An important point I want to mention if you haven’t already realised this in looking through the examples, is that the column names in the wide dataframe you are converting from are integral to you successfully reshaping data to long format with pivot_longer(). If your column names are of poor quality you WILL have problems and you may in fact have to give some time and thought to renaming columns in your dataframe so they will be more amenable to transforming. Aim for consistency in naming patterns across variables and beware of using separators that are the same. For example, the only reason I didn’t have more issues with a name like bp_month_0 was that I stripped out the month_ using the names_prefix argument, otherwise pivot_longer() wouldn’t know which _ to split at for the new clinical measure variable names. Had I wanted to retain the full month_0, month_1, etc as labels in the newly created month variable I would have had to rename the variables to something different - e.g. month0_bp or month.0_bp. So think carefully about the variables you are presented with - they may require some renaming before you do anything else.

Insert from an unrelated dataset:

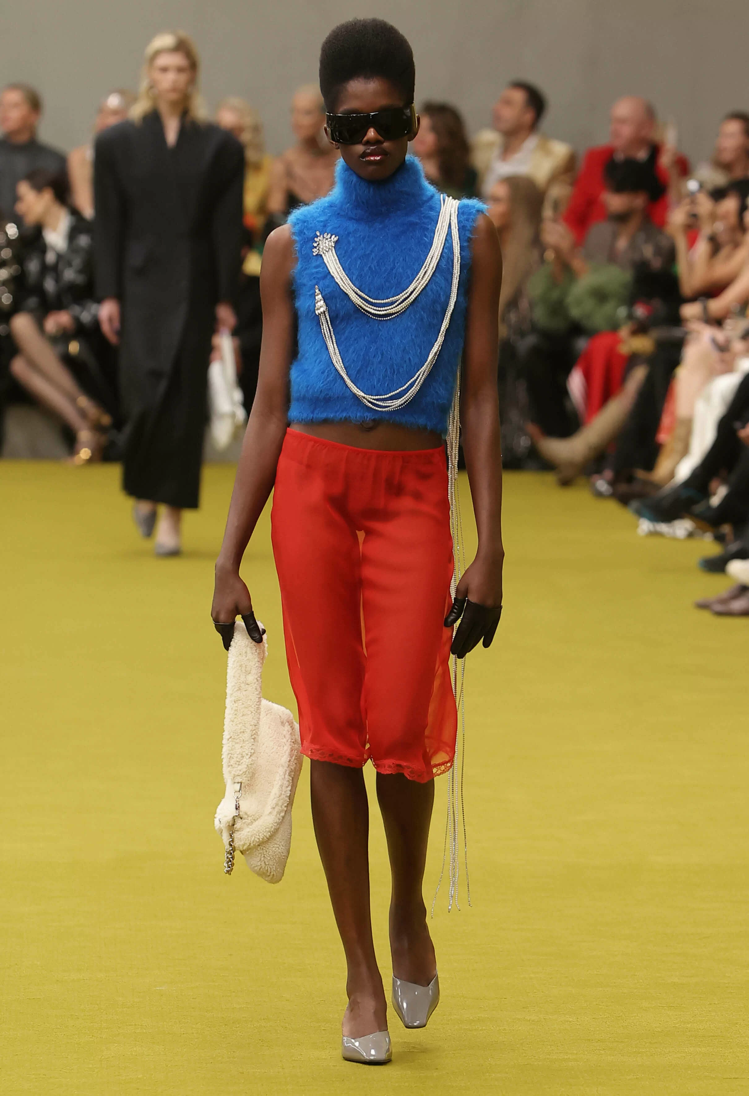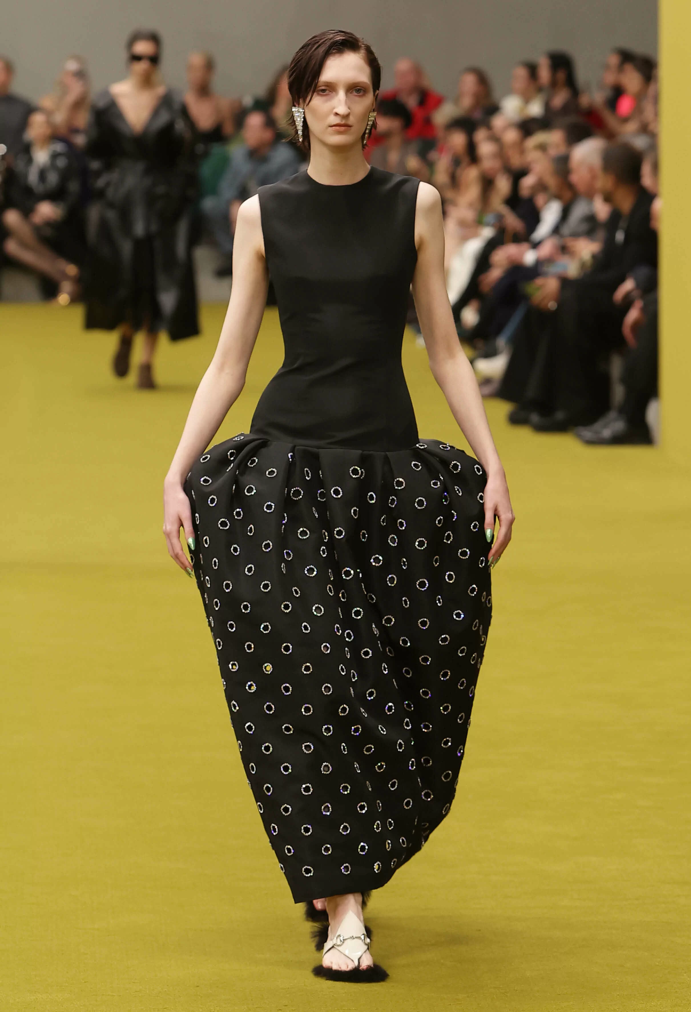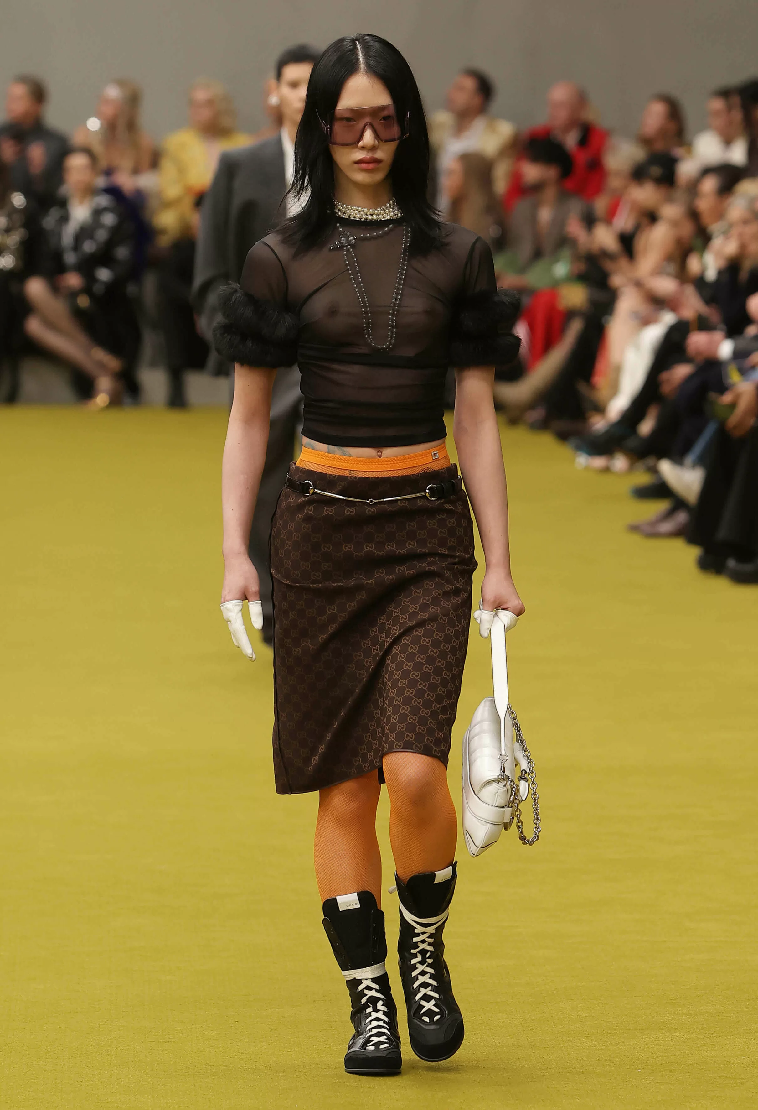 一起穿梭於時間,看着眼前上演1990S、2010S以至今天的 GUCCI。2010 年代攝人奢華的色調遇上1990 和 2000 年代初以情色元素迷惑人心的設計語言,大玩熟悉的復古感。西裝剪裁寬鬆,恤衫、兩件式上衣和半截裙卻看似縮細。羊毛或皮革西裝裁剪成寬大輪廓,配以富層次感的肩部、低領口和低腰褲。半截裙推出長款或及膝款式,以透薄面料縫製,綴以教人聯想到內衣的蕾絲。鑲嵌水晶的 GG 金屬胸圍既呼應前者,亦為浮誇華麗的雞尾酒會珠寶定調,垂墜在領口和胸前的首飾營造傾瀉至地面的矚目景致。

In case you’re wondering about the reshaping elephant in the room, no we haven’t talked today about reshaping in the opposite direction - long to wide. I’ll leave that one for another time. In many ways, pivot_wider() is complementary to it sister function and if you understand one you’ll quickly grasp the other. The primary difficulty in all of this is not so much the functions themselves, but the mental visualisation of the transformation. Once you have a handle on that, how to go about the coding starts to make more sense.